Please return every line of the records below that holds the word "Figura".

___ SUPPLIED MATERIAL ___

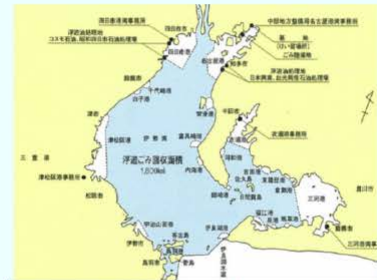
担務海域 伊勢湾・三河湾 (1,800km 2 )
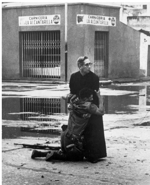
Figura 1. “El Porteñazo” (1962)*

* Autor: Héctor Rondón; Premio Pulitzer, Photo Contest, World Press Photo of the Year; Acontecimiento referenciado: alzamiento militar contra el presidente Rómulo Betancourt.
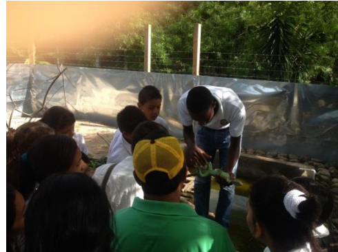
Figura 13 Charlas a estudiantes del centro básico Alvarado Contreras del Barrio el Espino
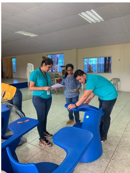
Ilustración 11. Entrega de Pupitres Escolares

___
___ SUPPLIED MATERIAL ___

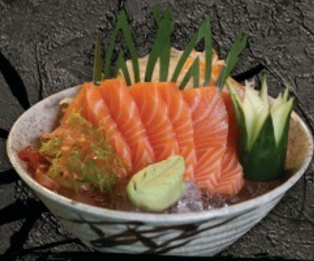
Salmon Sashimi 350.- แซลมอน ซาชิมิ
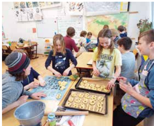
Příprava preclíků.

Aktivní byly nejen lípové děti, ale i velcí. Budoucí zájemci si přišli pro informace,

___

■ **RESULT OF THIS EXERCISE**
Figura 1. “El Porteñazo” (1962)*
Figura 13 Charlas a estudiantes del centro básico Alvarado Contreras del Barrio el Espino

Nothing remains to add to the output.